Uterus Impacts Working Memory in Rats
New research from Arizona State University suggests that the uterus may play a bigger role in the female anatomy outside of nourishing a growing fetus. A new study conducted on rats and recently published in Endocrinology indicated the uterus also impacts working memory.
In the study, the team divided rats into different groups, each group containing between 14 and 15 rats; one group received hysterectomies (a surgery to remove the uterus), one group received oophorectomies (a surgery to remove the ovaries which approximately half of all women who undergo hysterectomies also have), one group received oophorectomies only, one group received a “sham surgery…which allowed the researchers to separate the potential effects of invasively opening the abdominal cavity from those of actual organ removal,” IFLScience.com reported. There was also a control group that did not receive surgery.
Following a six-week recovery period, the rats’ working memories were tested in a water maze which consisted of eight passages radiating from a central point.
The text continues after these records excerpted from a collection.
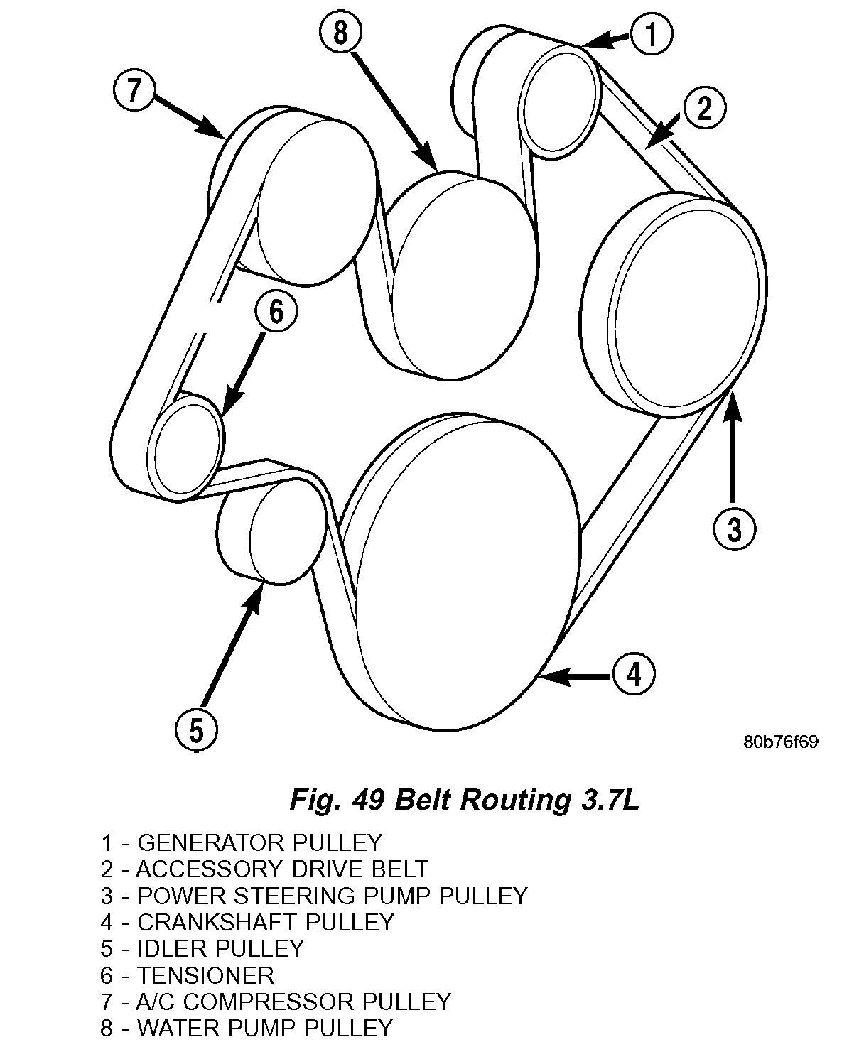 Caution: When installing the serpentine accessory drive belt, the belt must be routed correctly. If not, the engine may overheat due to the water pump rotating in the wrong direction. Refer to figure for the correct belt routing. Or, refer to the Belt Routing Label located in the engine compartment. The correct belt with correct length must be used.
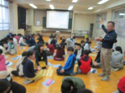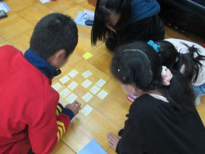 本校の百人一首部の担当者から百人一首の歴史やルールを教えてもらい,何度も何度も札を取り合いました。初めはルールが分からずに見ていただけだった子らも,授業の最後には,札を取る一瞬のために集中する姿が見られました。
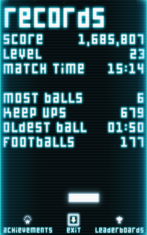 * 6 Leaderboards including highest score, highest level, oldest ball and greatest hits.
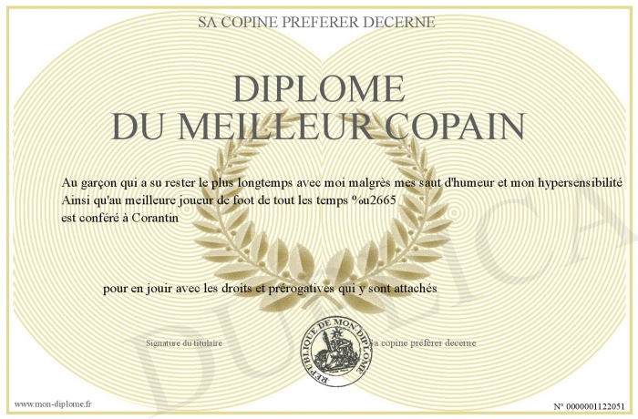 Envoyez par email votre Diplome Du Meilleur Copain personalisé

Four passages had platforms hidden at the end, and when the rats reached one of these platforms, they were removed from the maze. The rats were then placed in the maze again to allow them to learn which arms contained platforms.
The team found the hysterectomy rats “fared much worse at remembering where platforms were compared to all other groups,” IFLScience.com reported. According to Discovery, “[t]he group that had both the uterus and the ovaries removed did not make as many errors as the group with only the uterus removed, indicating that the removal of the uterus alone had a unique and negative effect on working memory, or on how much information the rats could manage simultaneously, according to the researchers.”
But the researchers don’t want women to be alarmed; instead, they hope this is a call to continue investigating the role the uterus plays in cognitive thinking.
“People talk a lot about the ovary-brain connection because we know now that estrogen and progesterone have such marked effects on things like memory. But we hope that scientists will start thinking about the uterus-ovary-brain system instead of just the ovary-brain system,” senior study author Heather Bimonte-Nelson said.